* [Exercise]: From the first line below to the last, reproduce the material exactly and leave out the images.

- - -

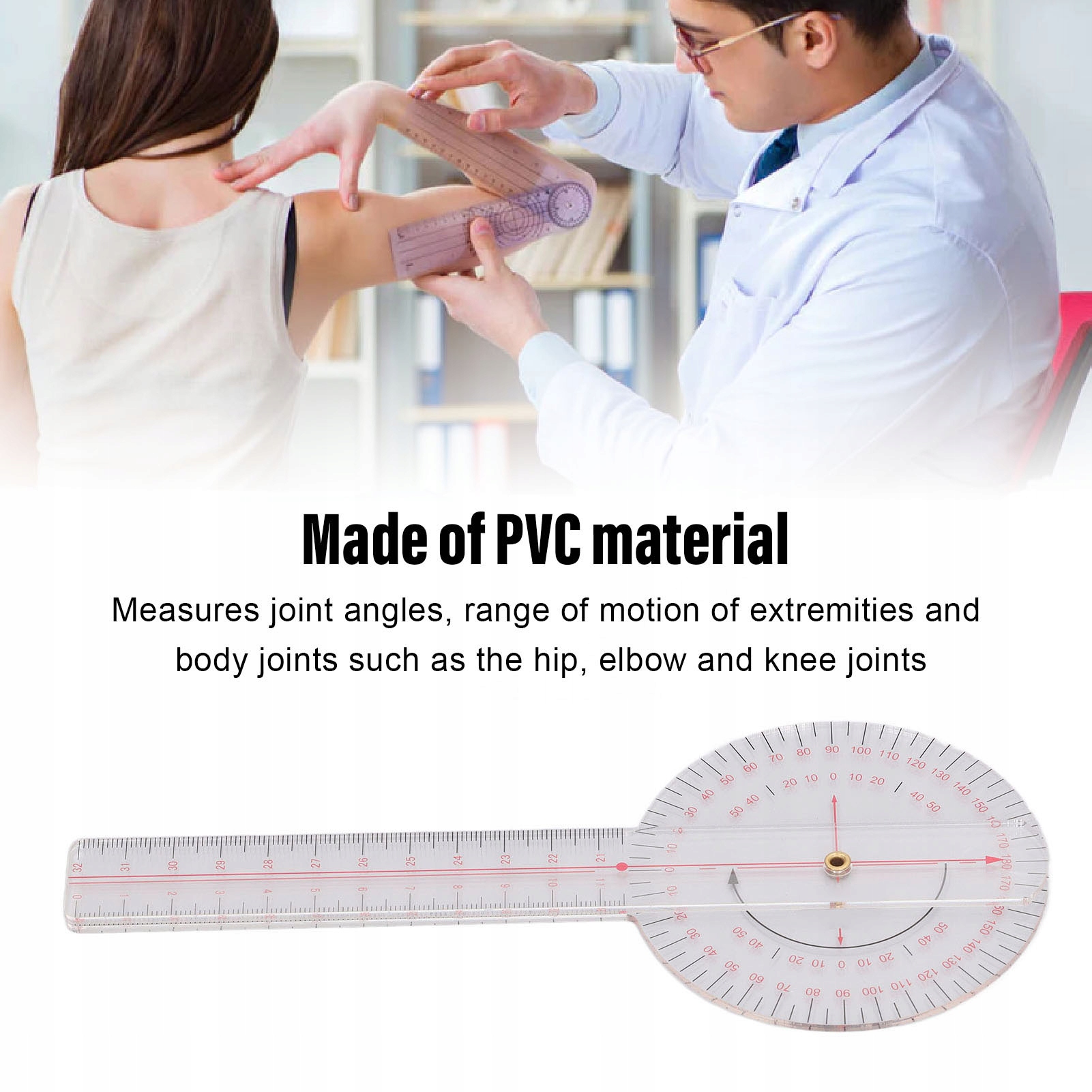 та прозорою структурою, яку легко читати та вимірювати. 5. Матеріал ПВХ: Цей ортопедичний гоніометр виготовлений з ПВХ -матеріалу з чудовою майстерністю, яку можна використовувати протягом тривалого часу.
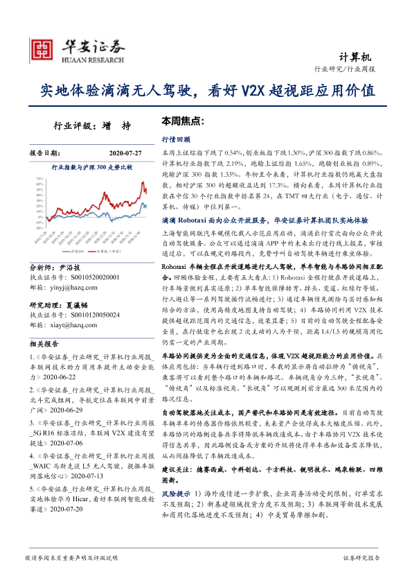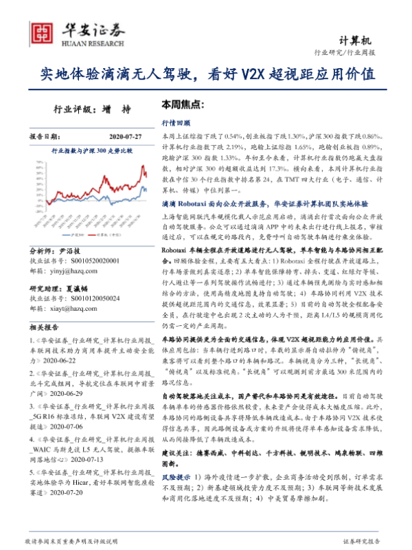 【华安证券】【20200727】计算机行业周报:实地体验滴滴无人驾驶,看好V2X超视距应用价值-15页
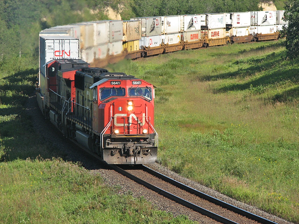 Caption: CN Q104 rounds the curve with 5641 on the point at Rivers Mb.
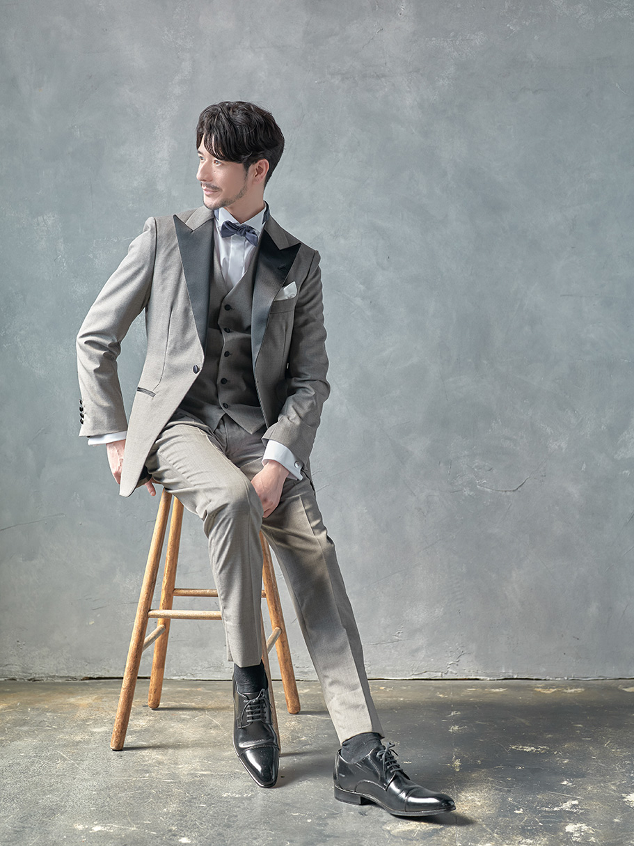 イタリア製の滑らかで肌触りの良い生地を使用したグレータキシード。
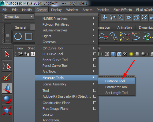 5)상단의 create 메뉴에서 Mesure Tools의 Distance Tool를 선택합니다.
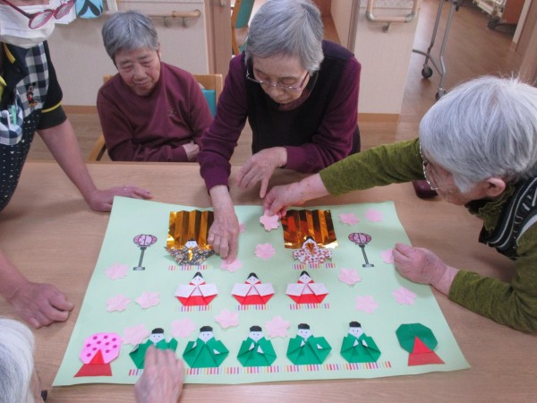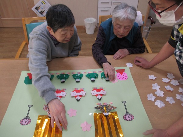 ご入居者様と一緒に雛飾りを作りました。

- - -

* [Answer to this task]:
 та прозорою структурою, яку легко читати та вимірювати. 5. Матеріал ПВХ: Цей ортопедичний гоніометр виготовлений з ПВХ -матеріалу з чудовою майстерністю, яку можна використовувати протягом тривалого часу.
 【华安证券】【20200727】计算机行业周报:实地体验滴滴无人驾驶,看好V2X超视距应用价值-15页
 Caption: CN Q104 rounds the curve with 5641 on the point at Rivers Mb.
 イタリア製の滑らかで肌触りの良い生地を使用したグレータキシード。
 5)상단의 create 메뉴에서 Mesure Tools의 Distance Tool를 선택합니다.
 ご入居者様と一緒に雛飾りを作りました。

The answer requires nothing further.